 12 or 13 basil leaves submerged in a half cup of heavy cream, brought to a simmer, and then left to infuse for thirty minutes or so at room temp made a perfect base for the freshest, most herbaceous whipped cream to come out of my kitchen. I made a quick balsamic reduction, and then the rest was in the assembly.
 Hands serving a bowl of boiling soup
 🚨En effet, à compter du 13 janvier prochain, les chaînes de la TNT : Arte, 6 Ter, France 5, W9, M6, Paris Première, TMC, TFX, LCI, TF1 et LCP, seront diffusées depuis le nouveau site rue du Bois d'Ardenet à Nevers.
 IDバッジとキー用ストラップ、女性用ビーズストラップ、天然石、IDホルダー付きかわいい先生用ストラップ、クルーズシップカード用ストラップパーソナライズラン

Exercise goal –
The answer should consist only of the lines from the line containing "Hands serving a bowl of boiling soup" through the final line of the listing above, reproduced exactly.

Output –
 Hands serving a bowl of boiling soup
 🚨En effet, à compter du 13 janvier prochain, les chaînes de la TNT : Arte, 6 Ter, France 5, W9, M6, Paris Première, TMC, TFX, LCI, TF1 et LCP, seront diffusées depuis le nouveau site rue du Bois d'Ardenet à Nevers.
 IDバッジとキー用ストラップ、女性用ビーズストラップ、天然石、IDホルダー付きかわいい先生用ストラップ、クルーズシップカード用ストラップパーソナライズラン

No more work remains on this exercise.